2021.01.29 議員活動
第9回 被災地のまちづくりを支援する仕組み
第18講 復興まちづくりへの住民参加
大規模災害の被災地では、被害があまりにも大きく、事実上、まちをつくり替えなければならない場合があります。被災地の復興のまちづくりは、その自治体の地域政策の側面と、実際の事業としての側面があり、後者は、例えば土地区画整理事業などの場合、法律に定められた手続に沿って、住民への説明や意見聴取などが行われます。ここでは、前者の地域政策としての側面に着目して考えてみたいと思います。
1 被災地のまちづくり、復興計画、総合計画の関係性
地域政策としてのまちづくりのプランニングの手続については、特に定められたものはなく、通常は、連載第6回でも取り上げた「復興計画」の策定プロセスの中で検討されます。
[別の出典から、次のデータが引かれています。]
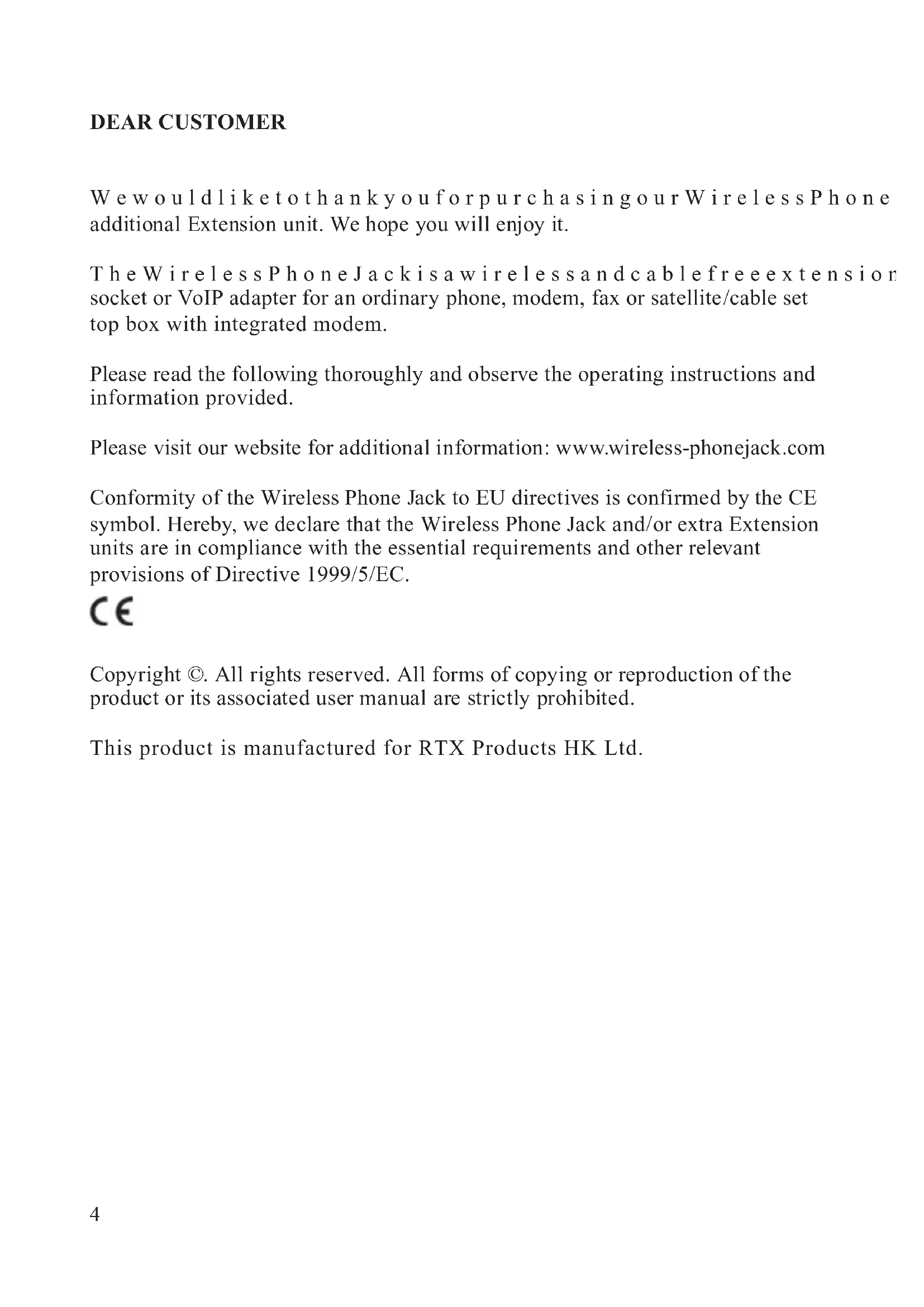 User Manual 50 meter wireless phone line24 DEAR CUSTOMER WewouldliketothankyouforpurchasingourWirelessPhoneJackand/oran additional Extension unit. We hope you will enjoy it. TheWirelessPhoneJackisawirelessandcablefreeextensionofthephone socket or VoIP adapter for an ordinary phone, modem, fax or satellite/cable set top box with integrated modem. Please read the following thoroughly and observe the operating instructions and informa tion provided. Please visit our website for additional information: www.wireless-phonejack.com Conformity of the Wireless Phone Jack to EU directives is confirmed by the CE symbol. Hereby, we declare that the Wireless Phone Jack and/or extra Extension units are in compliance with the essential requirements and other relevant provisions of Directive 1999/5/EC. Copyright ©. All rights reserved. All forms of copying or reproduction of the product or its associated user manual are strictly prohibited. This product is manufactured for RTX Products HK Ltd.5 UNPACKING Carefully remove units from the packaging. If there is any visible damage DO NOT attempt to operate the Wireless Phone Jack. Contact your dealer or shipping carrier immediately. BOX CONTENTS:

まちづくりは、土地利用、都市計画、道路整備、公共施設整備などに直結する点では、住民に身近な基礎自治体である市町村の復興計画への住民参加は特に重要です。
地域政策としての被災地のまちづくりを考えると、災害が大規模化し、エリア的にも被災者数的にも広範囲に被害が及ぶ場合、まちづくりに関わる政策も、自治体の「復興計画」としてソフト・ハードの広い分野にわたる、自治体政策全般に及ぶ内容になります。すなわち、「復興計画の総合計画化」という状況になります。
被災自治体において、復興計画と総合計画の関係については、東日本大震災と熊本地震以後では、多少、位置付けが異なってきています(8)。東日本大震災においては、岩手、宮城、福島の各県においても、総合計画とは別体系で復興計画が策定されましたが、その後に総合計画の見直しを行い、上位計画の総合計画が、下位計画の復興計画の内容を包含する形で調整を図っています。
東日本大震災では、東日本大震災復興基本法3条による国の復興基本方針において、自治体が復興計画を定めることが明記され、復興特区制度や復興交付金などの対象が、復興計画への掲載事業であることを条件とされたことなどが、こうしたことの背景にあるものと思われます。
一方、熊本地震においては、熊本県や熊本市、益城町の復興計画と総合計画について、筆者が2018年12月に自治体に対しヒアリングしたところでは、当初から復興計画は総合計画の一部又は部門別計画であるとの説明があり、一応の整理が行われています。